BRATTLEBORO — On Oct. 8, 1980, while my family and I gathered at our safe house in Las Canoas as our homeland El Salvador erupted in civil war, we were attacked by soldiers of the National Guard, dispersed by gunfire and grenades, then tortured and disposed of as if we were animals.
Only five members of my father's family survived. My two siblings and I are the youngest of those who remain.
I was 3 years old.
When I think of the day of the Las Canoas massacre, I remember the sounds of torture, rape, and killing.
The blood of my family forever runs through my veins. To have my bloodline severed by war was a memory I cannot contain and compels me to share with you the spirit of what remains.
On the day of the massacre, my paternal grandmother brought my sister and me to the safe house where she and my grandfather lived, so that we could be fed, given new clothing, and visit with our relatives. My mother followed behind, moving slower because she was carrying my infant brother. As she entered the hallway of my grandparent's house, she recalls that that is when the shooting began.

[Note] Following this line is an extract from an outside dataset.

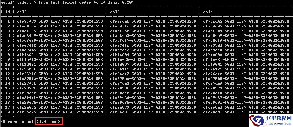 测试一:查询第1-20行的数据,0.01秒
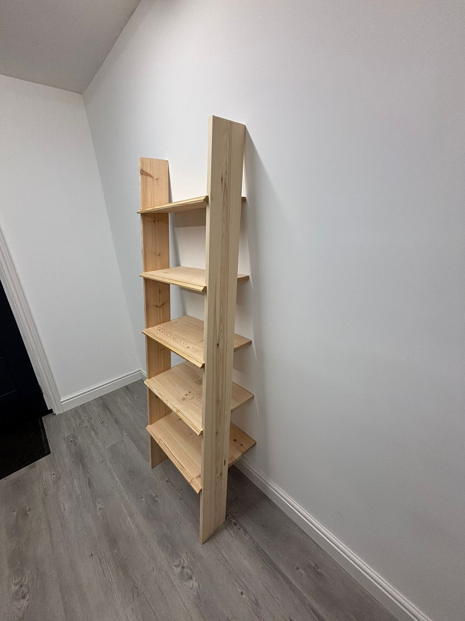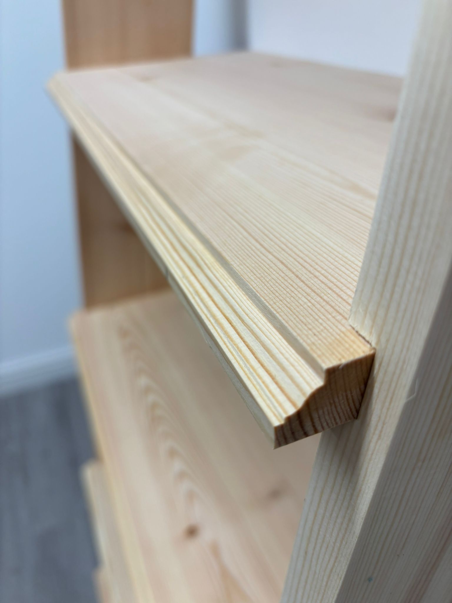 Although the sides lean against the wall at an angle, the shelves remain parallel to the floor, creating the look of a leaning ladder. The fronts of the shelves are finished with a Classic profile using the Router Table, whilst the shelf sides are created using the portable hand-held Router.

As my grandmother took my sister and me and ran out the back door, my mother tried to follow but was prevented by ricocheting bullets. She ran another way and made it to a hill, covered by the blood of another woman shot and killed close by.
The threat of death evokes a sense of self preservation like no other urge in the human experience. Although my mother wanted to stay with my sister and me, she had to run to save her own life and that of my infant brother. When someone is shooting at you, your primal instincts override all other choices.
For six hours, the soldiers tortured and raped my family and neighbors, killing many of them. My grandmother was raped and killed before my eyes. Afterwards, I crawled over to her to try to wake her up.
My sister and I lay face down on the ground as we had been ordered to do. Foremost in my sister's memory were the black army boots worn by the soldiers.
I tried to look nowhere but the ground and keep my eyes closed, but I could hear everything around me.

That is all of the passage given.